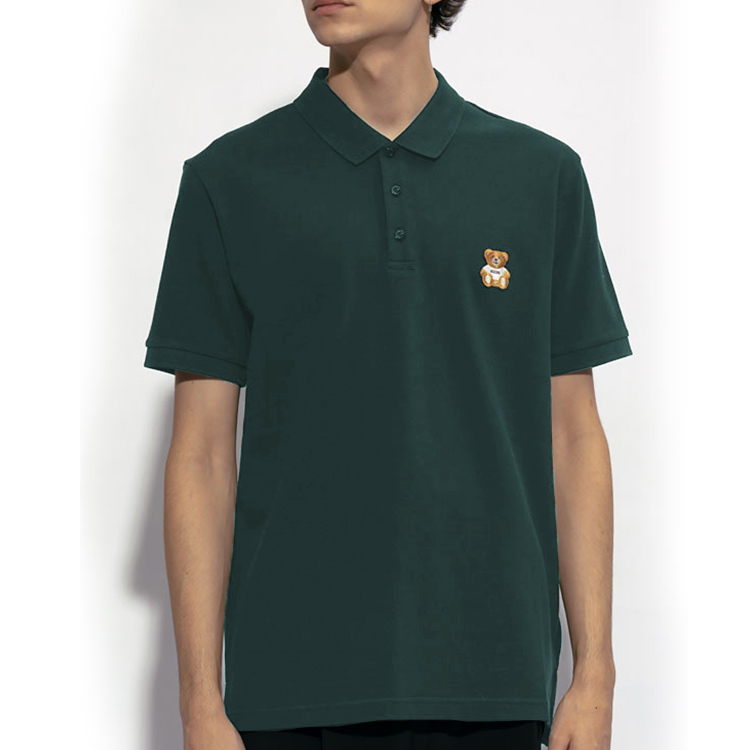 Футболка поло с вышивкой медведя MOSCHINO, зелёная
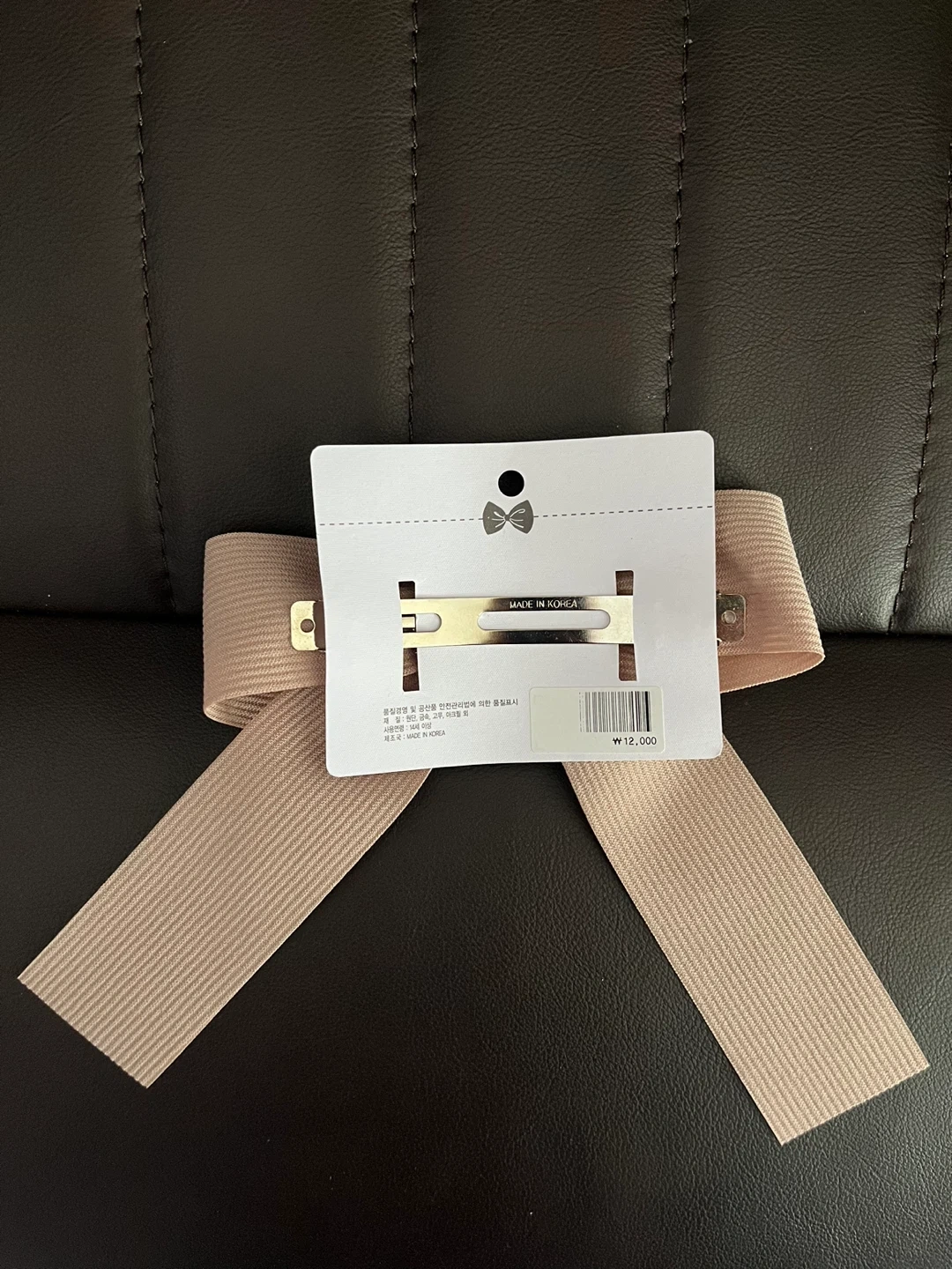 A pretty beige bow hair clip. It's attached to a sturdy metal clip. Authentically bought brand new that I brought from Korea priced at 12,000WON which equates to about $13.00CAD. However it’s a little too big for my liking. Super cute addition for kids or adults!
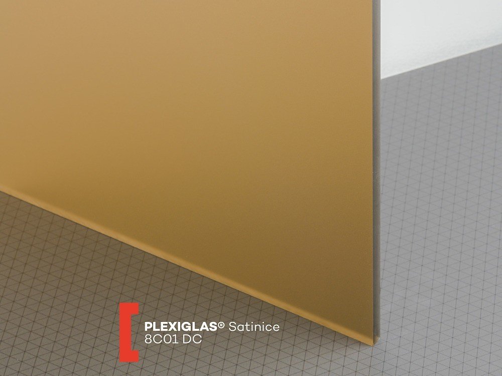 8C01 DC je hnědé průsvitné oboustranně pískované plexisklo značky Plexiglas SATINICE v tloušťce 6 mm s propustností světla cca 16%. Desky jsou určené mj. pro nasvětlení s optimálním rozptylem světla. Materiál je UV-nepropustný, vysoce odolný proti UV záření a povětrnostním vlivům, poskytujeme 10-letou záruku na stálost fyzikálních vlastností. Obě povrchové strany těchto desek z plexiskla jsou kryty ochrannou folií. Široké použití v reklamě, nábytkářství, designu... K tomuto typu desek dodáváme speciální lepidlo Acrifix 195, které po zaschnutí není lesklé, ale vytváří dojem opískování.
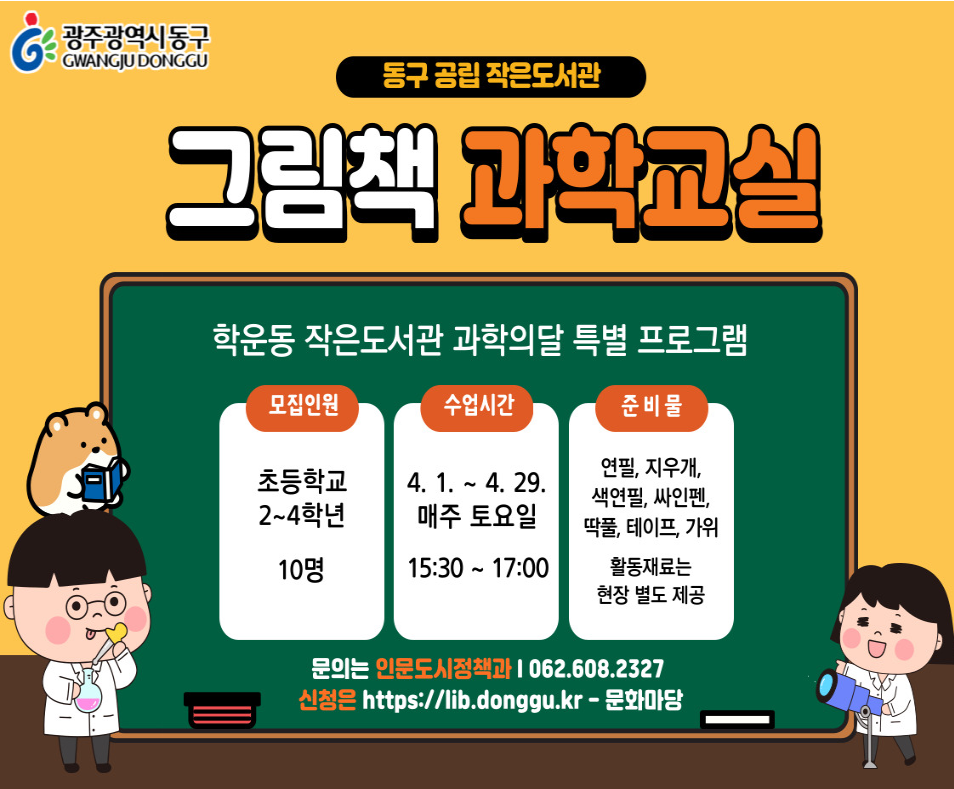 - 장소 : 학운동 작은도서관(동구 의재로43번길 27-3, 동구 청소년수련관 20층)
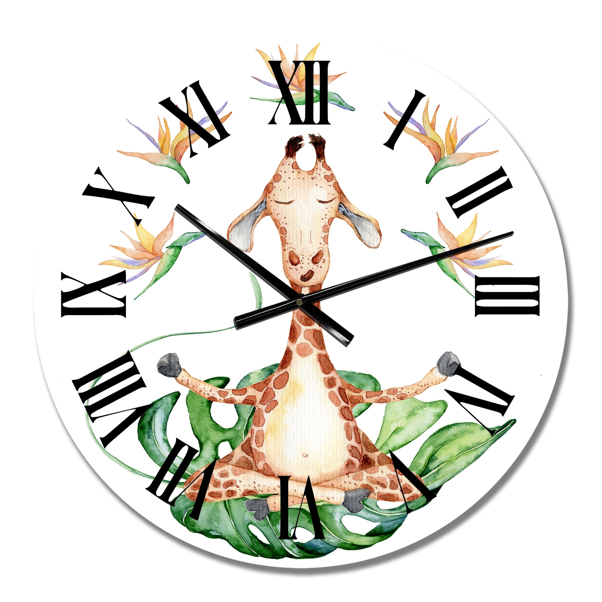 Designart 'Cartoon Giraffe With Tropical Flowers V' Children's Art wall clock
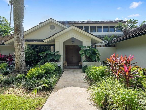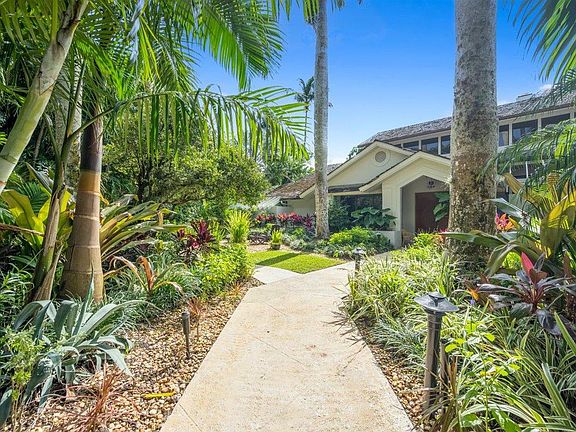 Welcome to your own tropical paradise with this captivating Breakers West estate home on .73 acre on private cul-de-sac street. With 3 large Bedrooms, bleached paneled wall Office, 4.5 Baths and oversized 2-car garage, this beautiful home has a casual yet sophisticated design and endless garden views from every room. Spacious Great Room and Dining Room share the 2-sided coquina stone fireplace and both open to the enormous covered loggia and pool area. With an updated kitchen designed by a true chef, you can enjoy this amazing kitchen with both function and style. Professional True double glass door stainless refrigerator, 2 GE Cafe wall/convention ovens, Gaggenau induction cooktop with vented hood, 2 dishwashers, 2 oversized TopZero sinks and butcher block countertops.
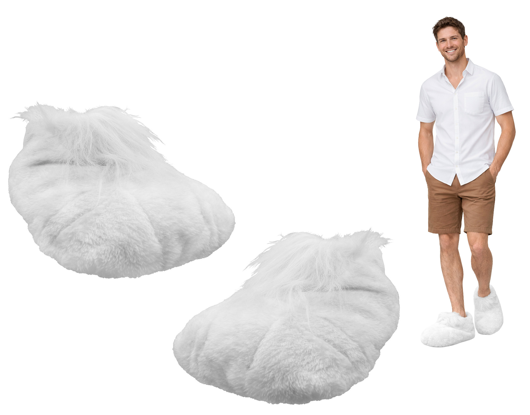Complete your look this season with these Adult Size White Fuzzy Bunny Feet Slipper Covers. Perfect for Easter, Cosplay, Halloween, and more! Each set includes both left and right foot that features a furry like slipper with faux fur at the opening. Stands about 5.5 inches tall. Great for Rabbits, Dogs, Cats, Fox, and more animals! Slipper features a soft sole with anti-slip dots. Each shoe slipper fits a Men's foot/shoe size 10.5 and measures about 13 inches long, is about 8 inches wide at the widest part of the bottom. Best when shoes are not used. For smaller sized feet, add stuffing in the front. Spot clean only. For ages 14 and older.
───
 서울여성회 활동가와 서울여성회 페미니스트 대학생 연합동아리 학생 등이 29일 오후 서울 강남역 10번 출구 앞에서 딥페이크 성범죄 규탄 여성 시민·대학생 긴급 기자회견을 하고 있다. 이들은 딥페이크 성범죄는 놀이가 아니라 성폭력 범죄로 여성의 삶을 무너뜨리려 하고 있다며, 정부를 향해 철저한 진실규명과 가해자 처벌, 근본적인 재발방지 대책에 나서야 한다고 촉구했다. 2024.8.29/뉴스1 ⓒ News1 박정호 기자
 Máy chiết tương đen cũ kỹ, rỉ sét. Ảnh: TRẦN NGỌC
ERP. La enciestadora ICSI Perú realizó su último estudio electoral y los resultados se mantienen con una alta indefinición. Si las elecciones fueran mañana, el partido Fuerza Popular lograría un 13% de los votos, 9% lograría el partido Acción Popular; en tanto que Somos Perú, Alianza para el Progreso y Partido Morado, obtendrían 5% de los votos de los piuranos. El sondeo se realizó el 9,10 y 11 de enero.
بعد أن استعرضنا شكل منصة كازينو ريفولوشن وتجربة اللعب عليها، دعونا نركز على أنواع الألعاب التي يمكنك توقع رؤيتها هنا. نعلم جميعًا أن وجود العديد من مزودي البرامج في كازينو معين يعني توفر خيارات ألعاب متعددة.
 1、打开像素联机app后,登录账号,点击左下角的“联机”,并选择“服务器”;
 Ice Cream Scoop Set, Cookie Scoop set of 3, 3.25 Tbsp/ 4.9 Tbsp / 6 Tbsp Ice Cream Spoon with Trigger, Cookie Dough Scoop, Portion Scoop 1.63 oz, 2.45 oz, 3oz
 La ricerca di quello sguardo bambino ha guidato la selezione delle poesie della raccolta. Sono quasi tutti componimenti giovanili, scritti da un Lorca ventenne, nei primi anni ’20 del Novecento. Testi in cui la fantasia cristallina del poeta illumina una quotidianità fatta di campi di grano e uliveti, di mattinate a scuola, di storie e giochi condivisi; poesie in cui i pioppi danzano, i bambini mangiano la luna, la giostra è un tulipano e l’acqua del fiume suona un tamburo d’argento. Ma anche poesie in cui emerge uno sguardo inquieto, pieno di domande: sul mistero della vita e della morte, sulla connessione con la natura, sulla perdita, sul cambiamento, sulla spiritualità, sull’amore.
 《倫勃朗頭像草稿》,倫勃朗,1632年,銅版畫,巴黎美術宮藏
───
#### [WHAT IS EXPECTED]
Take only the lines above from the one that has "Футболка поло с" through the one that has "Welcome to your" and reproduce them exactly, omitting any pictures.

#### [FINISHED EXERCISE]
 Футболка поло с вышивкой медведя MOSCHINO, зелёная
 A pretty beige bow hair clip. It's attached to a sturdy metal clip. Authentically bought brand new that I brought from Korea priced at 12,000WON which equates to about $13.00CAD. However it’s a little too big for my liking. Super cute addition for kids or adults!
 8C01 DC je hnědé průsvitné oboustranně pískované plexisklo značky Plexiglas SATINICE v tloušťce 6 mm s propustností světla cca 16%. Desky jsou určené mj. pro nasvětlení s optimálním rozptylem světla. Materiál je UV-nepropustný, vysoce odolný proti UV záření a povětrnostním vlivům, poskytujeme 10-letou záruku na stálost fyzikálních vlastností. Obě povrchové strany těchto desek z plexiskla jsou kryty ochrannou folií. Široké použití v reklamě, nábytkářství, designu... K tomuto typu desek dodáváme speciální lepidlo Acrifix 195, které po zaschnutí není lesklé, ale vytváří dojem opískování.
 - 장소 : 학운동 작은도서관(동구 의재로43번길 27-3, 동구 청소년수련관 20층)
 Designart 'Cartoon Giraffe With Tropical Flowers V' Children's Art wall clock
 Welcome to your own tropical paradise with this captivating Breakers West estate home on .73 acre on private cul-de-sac street. With 3 large Bedrooms, bleached paneled wall Office, 4.5 Baths and oversized 2-car garage, this beautiful home has a casual yet sophisticated design and endless garden views from every room. Spacious Great Room and Dining Room share the 2-sided coquina stone fireplace and both open to the enormous covered loggia and pool area. With an updated kitchen designed by a true chef, you can enjoy this amazing kitchen with both function and style. Professional True double glass door stainless refrigerator, 2 GE Cafe wall/convention ovens, Gaggenau induction cooktop with vented hood, 2 dishwashers, 2 oversized TopZero sinks and butcher block countertops.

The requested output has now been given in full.